Kleine Spitzen wie etwa der Umstand, dass der Kellner der Eisdiele problemlos und ohne Eingreifen der danebenstehenden Polizisten von Neonazis zusammengeschlagen werden kann, aber das Räumen eines besetzen Hauses ein Prügelfest für die beteiligte Hundertschaft ist, solche Momente sind fein, emotionalisieren, und zeichnen das Bild eines Staates, der längst aus den Fugen geraten scheint. Aber dieser Momente hat es zu wenige, und gleichzeitig wird hier die typisch linke Sicht der Dinge wiederholt, die die Polizei als Handlanger eines allmächtigen Staates und als Feinde darstellt. Da ist mir der ein Jahr später erschienene JE SUIS KARL erheblich näher, der den Staat längst auf dem Rückzug zeichnet, und aufzeigt, dass die modernen Rechten nicht mehr nur die allseits bekannten Abziehbilder von sonnenbebrillten und schwarzgekleideten Muskelmännern sind, sondern sich durch aufgetragene Wohlanständigkeit und geschickte Strategien längst in die Herzen der Menschen gepöbelt haben. Die eine unscheinbar wirkende Politikerin, die in UND MORGEN DIE GANZE WELT versucht Wahlkampf zu betreiben, wird als schwache Witzfigur gezeichnet, die mit einer geworfenen Torte in die Flucht geschlagen werden kann. Auch dies ist eher eine feuchte Fantasie eines linken Aktivisten, aber in keinster Weise an der Realität orientiert - Dem JE SUIS-Karl, dem gewieften und starken Rechtsnationalen, würde so etwas nicht passieren …

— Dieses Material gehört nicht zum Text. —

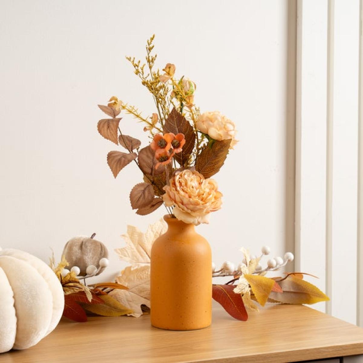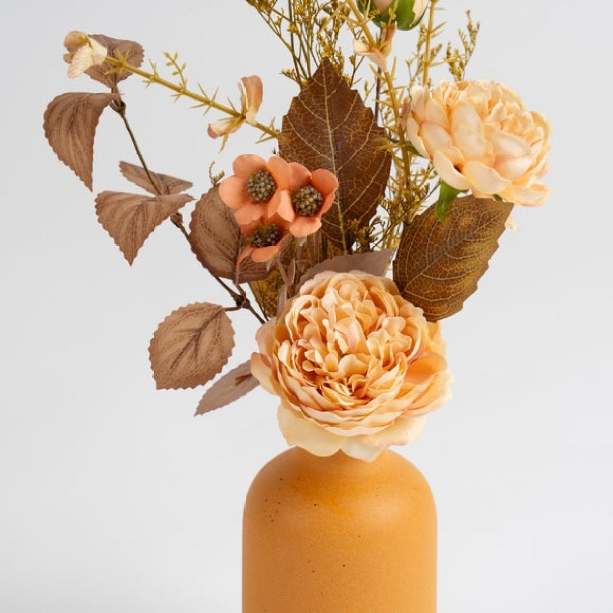 I love this faux peach rose arrangement in the yellow vase for its subtle colour palette and versatile aesthetic. It instantly adds warmth and visual interest to both contemporary and vintage-inspired interiors. It works particularly well in neutral, minimalist spaces where it can serve as a gentle pop of colour, or within cosy, rustic settings to complement natural wood tones. For styling tips, try grouping it with other textured objects like candles or ceramics on a sideboard, or use it as a centrepiece on a dining table or console. Its artificial construction means it’s low maintenance and perfect for enhancing a space without the fuss of fresh flowers.

Letzten Endes stellt UND MORGEN DIE GANZE WELT die Frage in den Raum, ob der Gebrauch von Gewalt gegen Nazis gerechtfertigt ist. Und ob es keine anderen Wege gibt. Diese Frage wird sehr ambivalent beantwortet, denn die gemäßigte Figur des Lenor, der für sich persönlich Gewalt als Mittel ablehnt, aber die ausgeübte Gewalt seiner Freunde trotzdem unterstützt, wird durch die Schlussbilder konterkariert. Und für alle anderen scheint Gewalt ein legitimer Weg zu sein. Die Ausgangssituation, nämlich der Artikel 20 des deutschen Grundgesetzes, dass alle Deutschen das Recht zum Wiederstand (kein Schreibfehler meinerseits, das wird im Film so geschrieben) haben gegen diejenigen, die die bestehende Ordnung beseitigen möchten, diese Ausgangssituation ist klug gewählt, und aus diesem Gesichtspunkt ist auch der Verlauf der Handlung sicher nicht verkehrt. Aber für mich als Zuschauer stellt sich doch die Frage, ob weniger Hektik und mehr Gedanken nicht vielleicht auch mehr (in der Realität verhafteten) Inhalt vermittelt hätten. Und ob die schlussendliche Aussage, die mit den letzten Bildern übermittelt wird, wirklich diejenige ist, die in der Wirklichkeit Bestand hat, steht dann auf einem ganz andern Blatt. Bis dahin entpuppt sich UND MORGEN DIE GANZE WELT als erotischer Wunschtraum eines jeden jungen Linken, den dummen Rechten ihren Sprengstoff wegzunehmen, ihre Autos kaputtzumachen, und morgen die ganze Welt zu vereinen. Ein Märchenfilm für junge Erwachsene, der mit der komplexen Welt, in der der politisch interessierte Zuschauer heute lebt, überhaupt nichts zu tun hat.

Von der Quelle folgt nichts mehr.